I have spend more than a day just thinking about it. I also found some properties about the lines such as -> the first row can be rewritten as a term (you can find that online too) but its very hard for me to wrap my head around that problem. I just can't connect the periodical stuff with the properties of the listing of decimals. My problem is that im missing the first spark, like: How do I approach that? Would i do it with a=p/q=a1/10+a2/100+a3/1000...
Should I do it considering the rows? Why does it matter if the decimals are primes? Does this make the problem solveable or only easier? For me, it just seems as a non helping statement.
I can assure you that I tried many things but the problem is that i can't get a starting point and thus can't produce more outcome to give you and all the other admirable helpers.

 

[Steven G]

Spending a day on a problem is not very long.

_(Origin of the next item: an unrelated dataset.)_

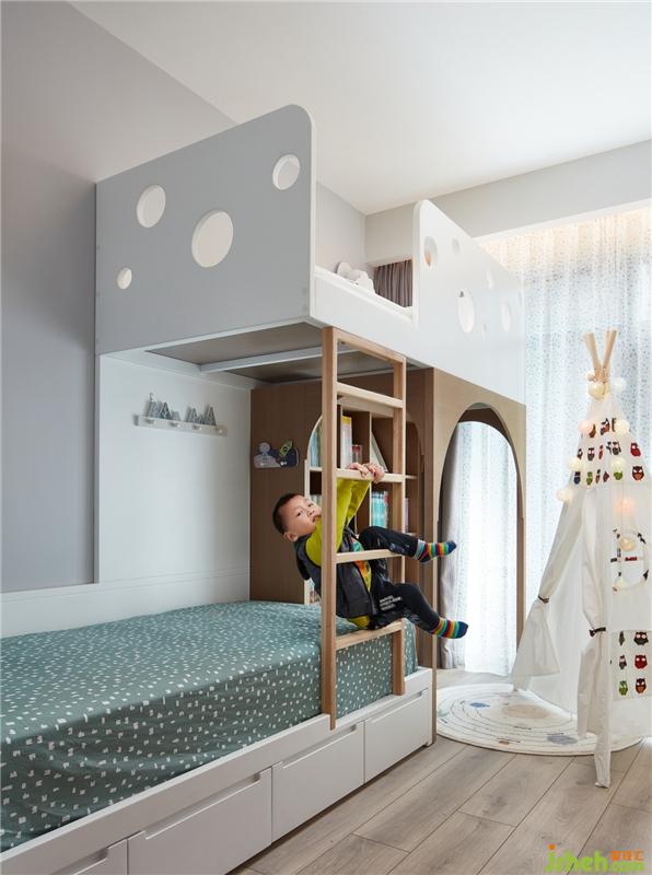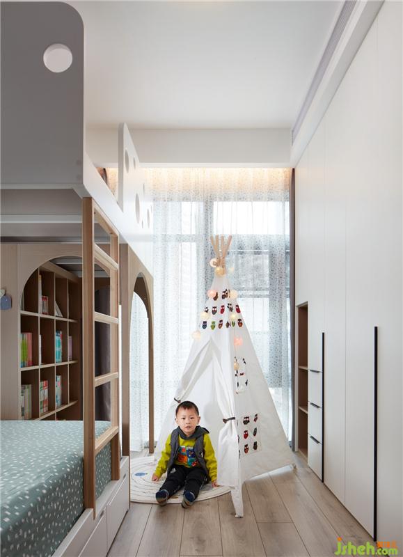 柔和的色調(diào)讓人倍感輕松,通過色彩對比使空間更加生動、活潑,打造閱讀區(qū)與玩耍區(qū),兩側(cè)的書架和收納柜可以放置常看的書籍繪本,幸福童年從這里開始,在這剛剛好的日子里,享受生活,享受童真。

I spent up to four days thinking about how to solve a problem. Just stick with it and something will eventually click.
Post some of your work

 

[PiIsGreat]

Spending a day on a problem is not very long. I spent up to four days thinking about how to solve a problem. Just stick with it and something will eventually click.
Post some of your work

I know that it might not be long but it is definitly long if you dont have a starting idea. I started examining the first row and noticed various things.
1. The numbers are always either squares of odd numbers or their followers. Thus you can find the decimals in that row by using f(x)=4x²+4x+1 and f(x)+1.
2. I noticed that from a certain point onwards, every row follows this closely, so that in every row from a certain point onwards you get the odd decimals via f(x)-r and the even ones via f(x)+r
3. I noticed that i can argue almost the same (but with a different function) for the columns.
4. I noticed that the difference between the selected decimals in each row strictly increases which might be helping but idk yet.
5. I noticed that i still dont get, why there is that exlusion of non primes.

 

[PiIsGreat]

I meant f(x)+1-r.

 

[PiIsGreat]

Spending a day on a problem is not very long. I spent up to four days thinking about how to solve a problem. Just stick with it and something will eventually click.
Post some of your work

I've now gotten to a point where in only need to proof that the rows are always periodical after double the length of the period of alphas decimals. How can I proof that? Im dead stuck, ive noticed that the periodical thing always starts after the main diagonal of the grid and that you might want to reduce it modulo 2p but i cant get that last step with the periodical thing after 2p (periodical lenght of alphas decimals). Have you got a last advice?